> **Entries supplied**
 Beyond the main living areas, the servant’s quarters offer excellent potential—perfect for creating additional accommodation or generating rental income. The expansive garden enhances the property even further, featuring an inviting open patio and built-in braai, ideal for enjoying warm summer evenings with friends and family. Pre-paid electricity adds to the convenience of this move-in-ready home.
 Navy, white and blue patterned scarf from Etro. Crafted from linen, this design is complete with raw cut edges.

---

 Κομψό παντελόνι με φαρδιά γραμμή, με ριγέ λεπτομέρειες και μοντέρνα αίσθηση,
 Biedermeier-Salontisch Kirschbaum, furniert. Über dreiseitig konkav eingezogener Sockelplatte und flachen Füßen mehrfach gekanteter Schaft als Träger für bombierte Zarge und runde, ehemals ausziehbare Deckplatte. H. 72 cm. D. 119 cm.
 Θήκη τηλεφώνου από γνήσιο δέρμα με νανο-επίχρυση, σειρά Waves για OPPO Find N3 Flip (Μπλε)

> **Your task**
Above are the records; print exactly the lines from the line with "Biedermeier-Salontisch Kirschbaum, furniert." to the line with "Θήκη τηλεφώνου από", including both, and nothing else.

> **Solution to the problem**
 Biedermeier-Salontisch Kirschbaum, furniert. Über dreiseitig konkav eingezogener Sockelplatte und flachen Füßen mehrfach gekanteter Schaft als Träger für bombierte Zarge und runde, ehemals ausziehbare Deckplatte. H. 72 cm. D. 119 cm.
 Θήκη τηλεφώνου από γνήσιο δέρμα με νανο-επίχρυση, σειρά Waves για OPPO Find N3 Flip (Μπλε)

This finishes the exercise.